● **Source data**
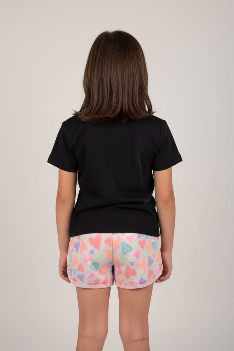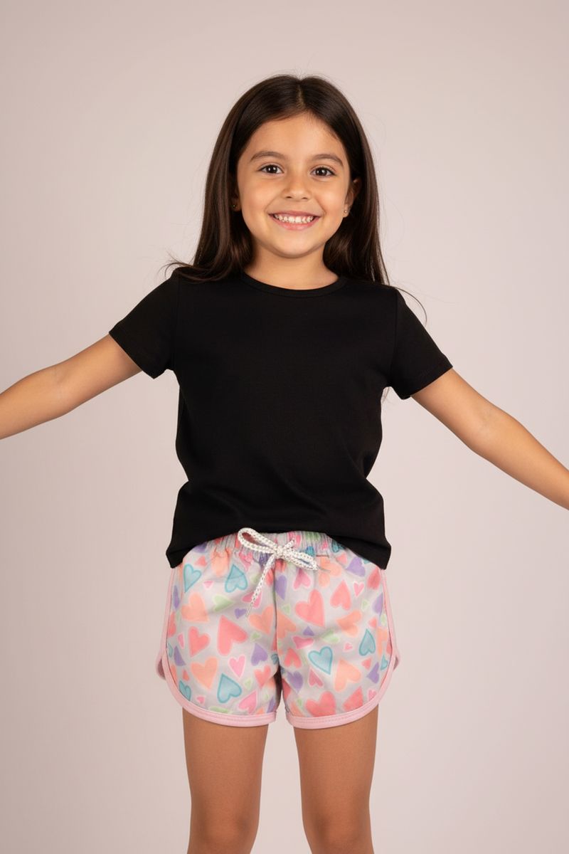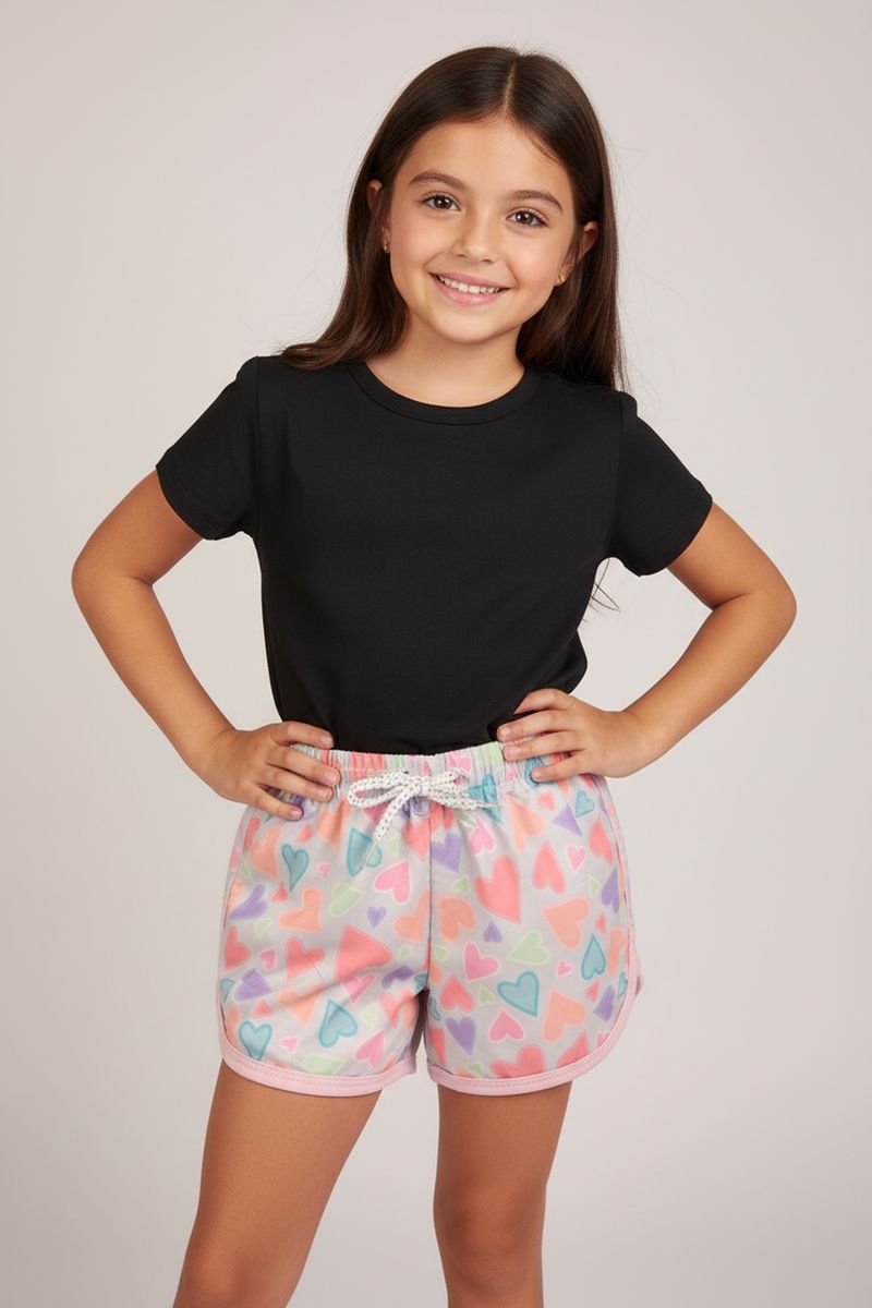 Combine o shorts com blusas lisas em tons de preto, branco ou pastel para um look equilibrado. Para um toque divertido, adicione uma regata colorida. Complete o visual com tênis confortáveis ou sandálias charmosas e acessórios como laços de cabelo, criando um conjunto alegre e moderno.
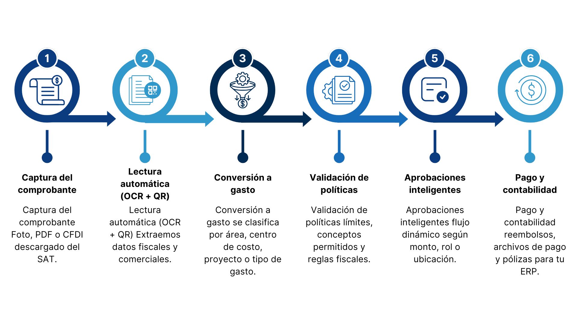 Venturis centraliza todo el ciclo del gasto: captura, validación, aprobación, pago y registro contable. Cada área trabaja más rápido, Finanzas tiene visibilidad completa y la empresa opera con control real.
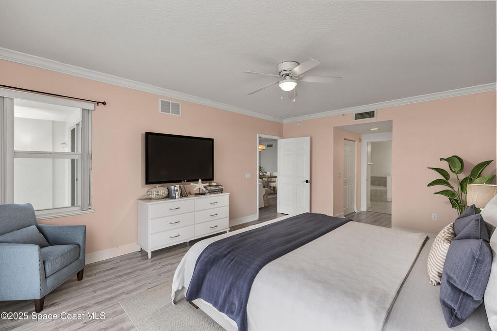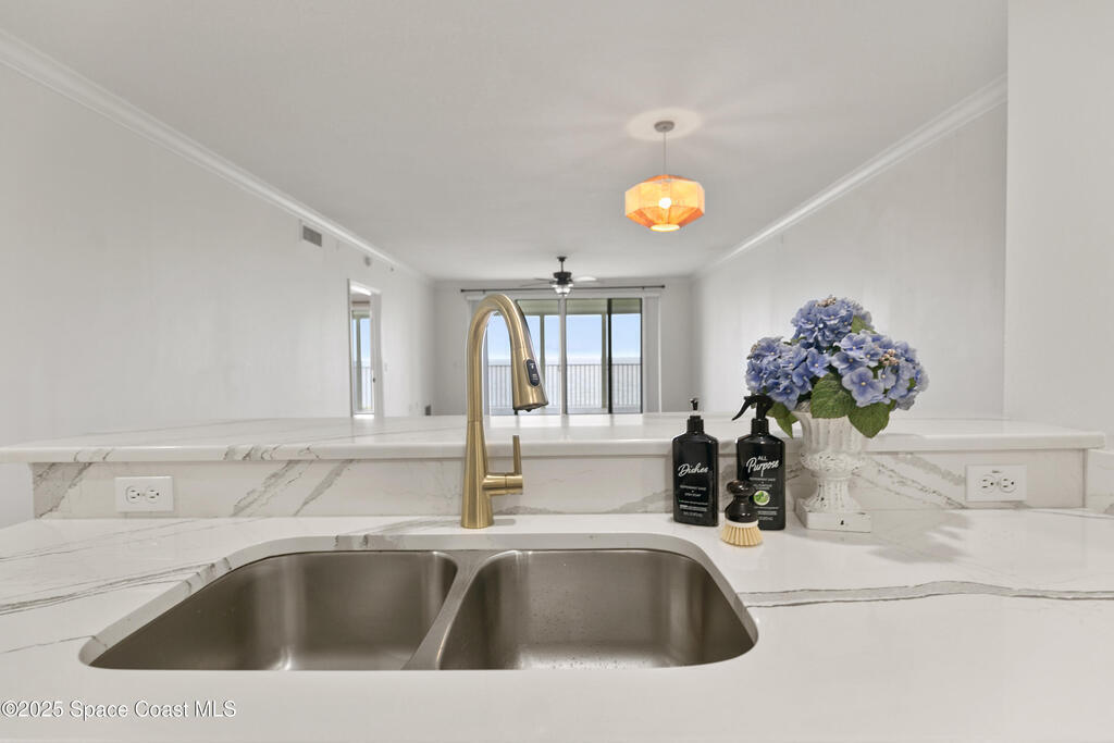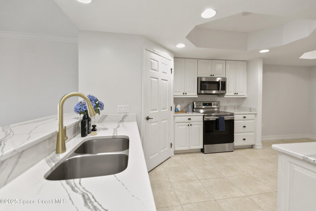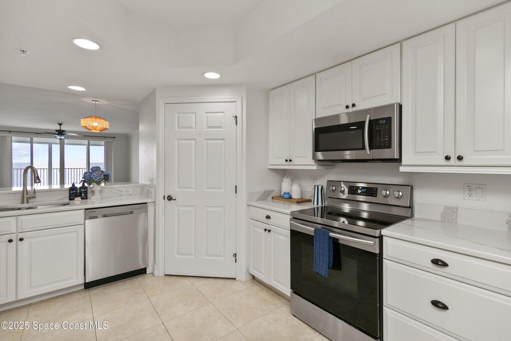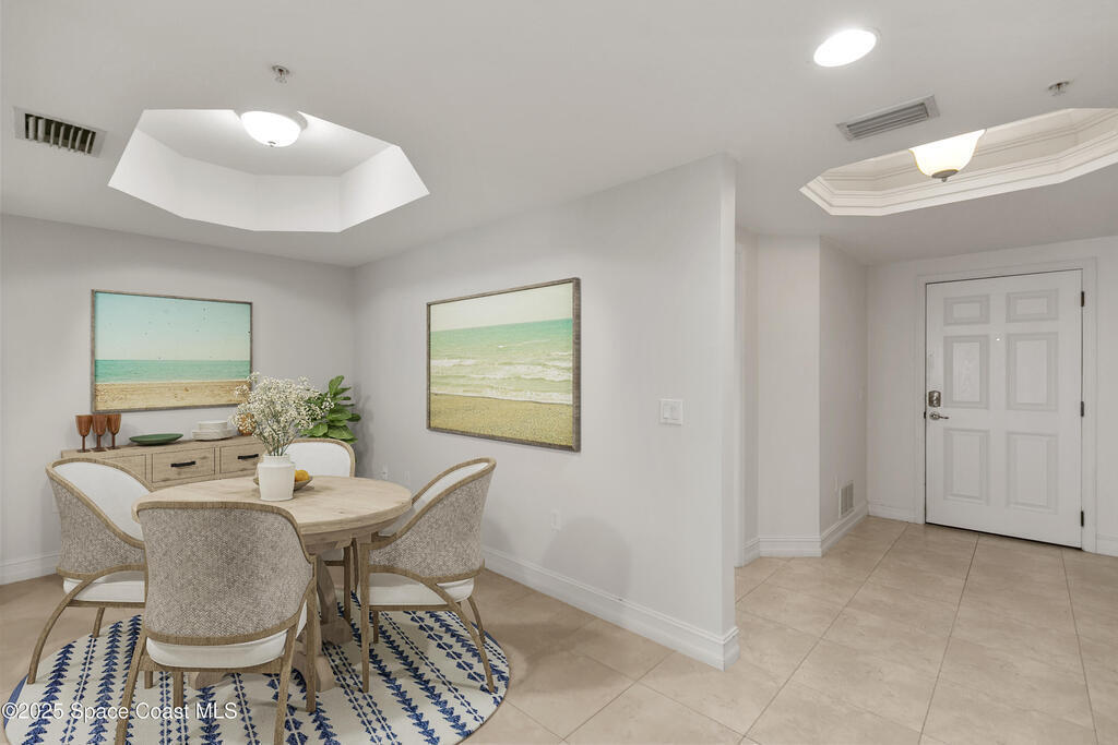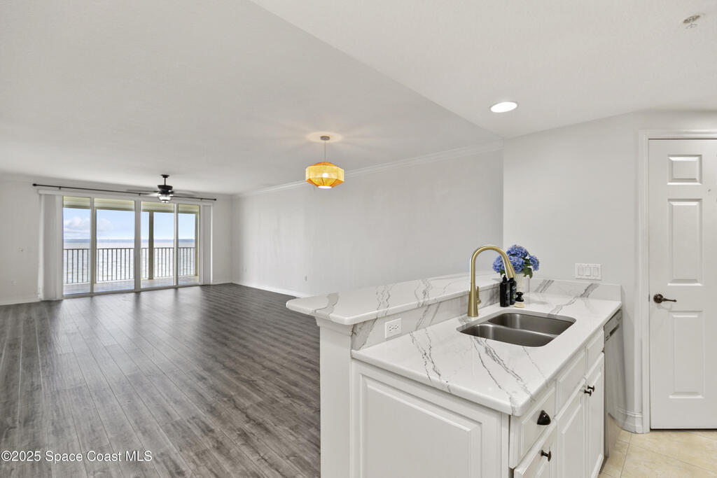 Stunning 3BD/2BA condo in coveted Building 7 with breathtaking views of the Indian River and Kennedy Space Center. This spacious unit features an open floor plan, white kitchen cabinets, quartz countertops, and stainless-steel appliances. Enjoy incredible water views from main living areas and the primary suite. The huge in-unit laundry room and newer HVAC add comfort and convenience. One-car garage provides ample storage. HOA reserve requirements have been fully met, offering buyers peace of mind.Resort-style amenities include pool, spa, fitness center, sauna, community room with kitchen, pickleball and basketball courts, private dock, plus regular social events hosted by the association. This unit is located close to visitor parking and within walking distance to Historic Downtown Titusville's shops, restaurants, coffee spots, playhouse, and art studio. This is luxury coastal living at its best! Some photos virtually staged
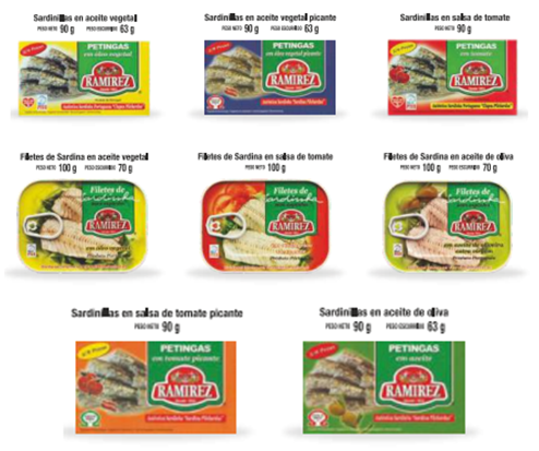 Amplia gama de conservas de sardinillas en latas de 100 gramos. Los sabores que se incluyen en esta gama son:
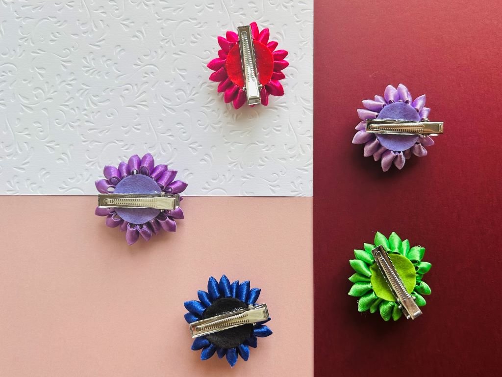 Květina je vyrobená tradiční japonskou technikou kanzashi od tvůrkyně Ayu-kanzashi.
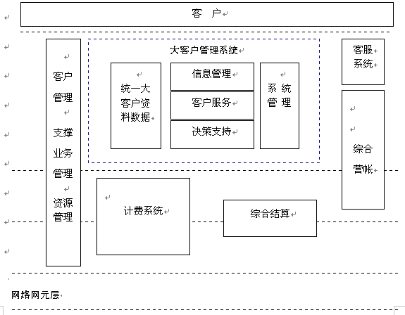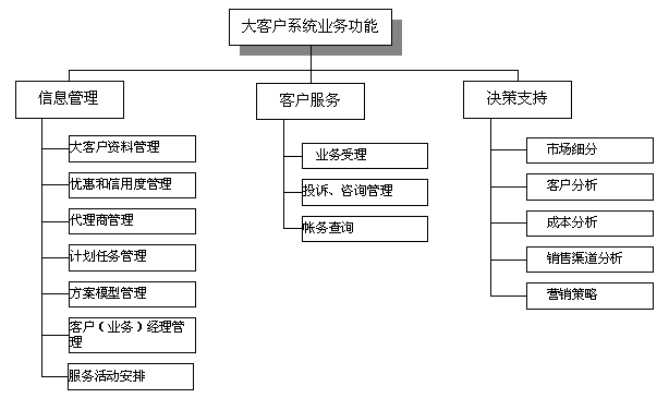 電信大客戶管理系統(tǒng)是在收集大客戶市場(chǎng)調(diào)查信息、大客戶資料信息、大客戶經(jīng)營(yíng)戰(zhàn)略資源的基礎(chǔ)上,自動(dòng)采集專業(yè)計(jì)費(fèi)、綜合營(yíng)帳、客服、網(wǎng)管、財(cái)務(wù)等系統(tǒng)的相關(guān)數(shù)據(jù),實(shí)現(xiàn)快速、全面、準(zhǔn)確的新客戶業(yè)務(wù)受理、新增需求受理及故障處理過程通道,實(shí)現(xiàn)完善的客戶經(jīng)理管理、代理商管理系統(tǒng),最終實(shí)現(xiàn)完整的大客戶滿意度評(píng)估體系和針對(duì)大客戶的個(gè)性化服務(wù)。建成后的系統(tǒng)從管理、服務(wù)、分析三方面出發(fā)主要應(yīng)具備信息管理、客戶服務(wù)、決策支持功能。
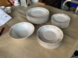 Service of eight persons set of 25 pieces Royal majestic 8078 fine china includes 10.5” eight dinner plates, 8” macaroni , salads eight plates, 7.625$100Lancaster, CA
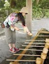 A visitor to a Shinto shrine in Osaka, Japan, washes her hands in a stone wash basin at the shrine’s entrance in preparation for prayer.
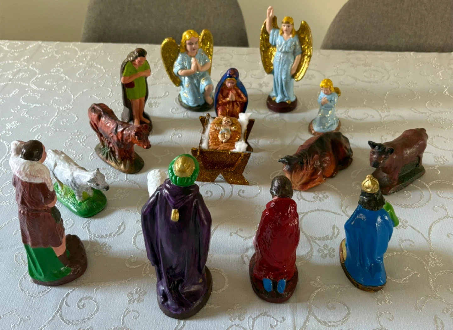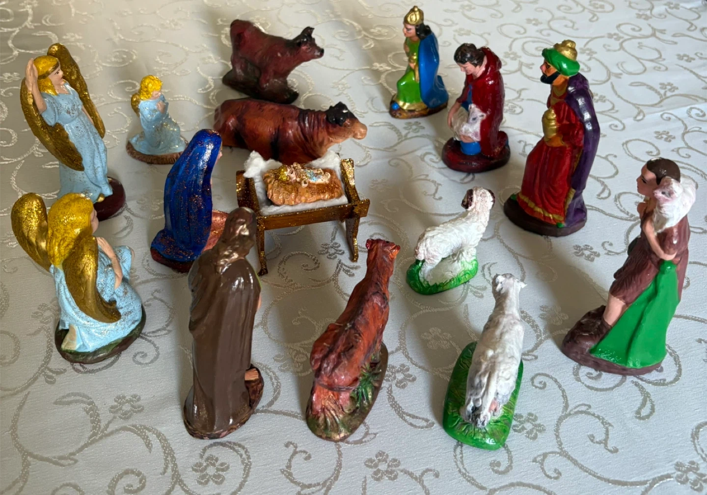 15Selling a complete nativity scene figurine set. Includes baby Jesus, Mary, Joseph, the three wise men, angels, shepherds, and animals. All figurines are in great condition! All just Hand painted. Free shipping
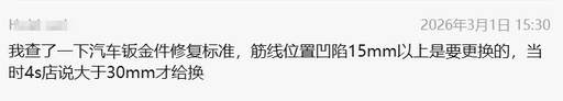 另外,李先生查了一下汽车钣金件修复标准,筋线位置凹陷15mm以上是要更换的,当时4s店说大于30mm才给换。
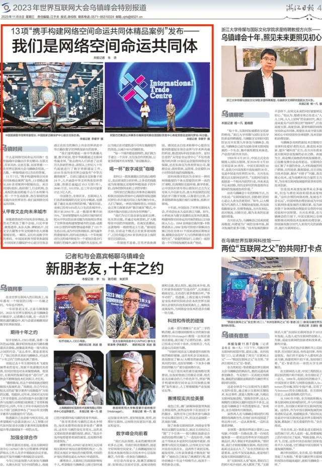 11月8日,《浙江日報》刊發(fā)《13項“攜手構建網(wǎng)絡空間命運共同體精品案例”發(fā)布——我們是網(wǎng)絡空間命運共同體》,全文如下:
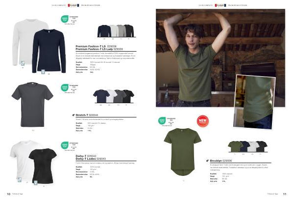 En afslappet herre-T-shirt med et længere snit og en lodret søm i ryggen . Kraven har dobbelt skalmateriale . Forstærket nakketape og en let aftagelig label for enkel ommærkning .

● **The problem**
Retype all the data exactly, please, without pictures.

● **Answer for the task**
 Combine o shorts com blusas lisas em tons de preto, branco ou pastel para um look equilibrado. Para um toque divertido, adicione uma regata colorida. Complete o visual com tênis confortáveis ou sandálias charmosas e acessórios como laços de cabelo, criando um conjunto alegre e moderno.
 Venturis centraliza todo el ciclo del gasto: captura, validación, aprobación, pago y registro contable. Cada área trabaja más rápido, Finanzas tiene visibilidad completa y la empresa opera con control real.
 Stunning 3BD/2BA condo in coveted Building 7 with breathtaking views of the Indian River and Kennedy Space Center. This spacious unit features an open floor plan, white kitchen cabinets, quartz countertops, and stainless-steel appliances. Enjoy incredible water views from main living areas and the primary suite. The huge in-unit laundry room and newer HVAC add comfort and convenience. One-car garage provides ample storage. HOA reserve requirements have been fully met, offering buyers peace of mind.Resort-style amenities include pool, spa, fitness center, sauna, community room with kitchen, pickleball and basketball courts, private dock, plus regular social events hosted by the association. This unit is located close to visitor parking and within walking distance to Historic Downtown Titusville's shops, restaurants, coffee spots, playhouse, and art studio. This is luxury coastal living at its best! Some photos virtually staged
 Amplia gama de conservas de sardinillas en latas de 100 gramos. Los sabores que se incluyen en esta gama son:
 Květina je vyrobená tradiční japonskou technikou kanzashi od tvůrkyně Ayu-kanzashi.
 電信大客戶管理系統(tǒng)是在收集大客戶市場(chǎng)調(diào)查信息、大客戶資料信息、大客戶經(jīng)營(yíng)戰(zhàn)略資源的基礎(chǔ)上,自動(dòng)采集專業(yè)計(jì)費(fèi)、綜合營(yíng)帳、客服、網(wǎng)管、財(cái)務(wù)等系統(tǒng)的相關(guān)數(shù)據(jù),實(shí)現(xiàn)快速、全面、準(zhǔn)確的新客戶業(yè)務(wù)受理、新增需求受理及故障處理過程通道,實(shí)現(xiàn)完善的客戶經(jīng)理管理、代理商管理系統(tǒng),最終實(shí)現(xiàn)完整的大客戶滿意度評(píng)估體系和針對(duì)大客戶的個(gè)性化服務(wù)。建成后的系統(tǒng)從管理、服務(wù)、分析三方面出發(fā)主要應(yīng)具備信息管理、客戶服務(wù)、決策支持功能。
 Service of eight persons set of 25 pieces Royal majestic 8078 fine china includes 10.5” eight dinner plates, 8” macaroni , salads eight plates, 7.625$100Lancaster, CA
 A visitor to a Shinto shrine in Osaka, Japan, washes her hands in a stone wash basin at the shrine’s entrance in preparation for prayer.
 15Selling a complete nativity scene figurine set. Includes baby Jesus, Mary, Joseph, the three wise men, angels, shepherds, and animals. All figurines are in great condition! All just Hand painted. Free shipping
 另外,李先生查了一下汽车钣金件修复标准,筋线位置凹陷15mm以上是要更换的,当时4s店说大于30mm才给换。
 11月8日,《浙江日報》刊發(fā)《13項“攜手構建網(wǎng)絡空間命運共同體精品案例”發(fā)布——我們是網(wǎng)絡空間命運共同體》,全文如下:
 En afslappet herre-T-shirt med et længere snit og en lodret søm i ryggen . Kraven har dobbelt skalmateriale . Forstærket nakketape og en let aftagelig label for enkel ommærkning .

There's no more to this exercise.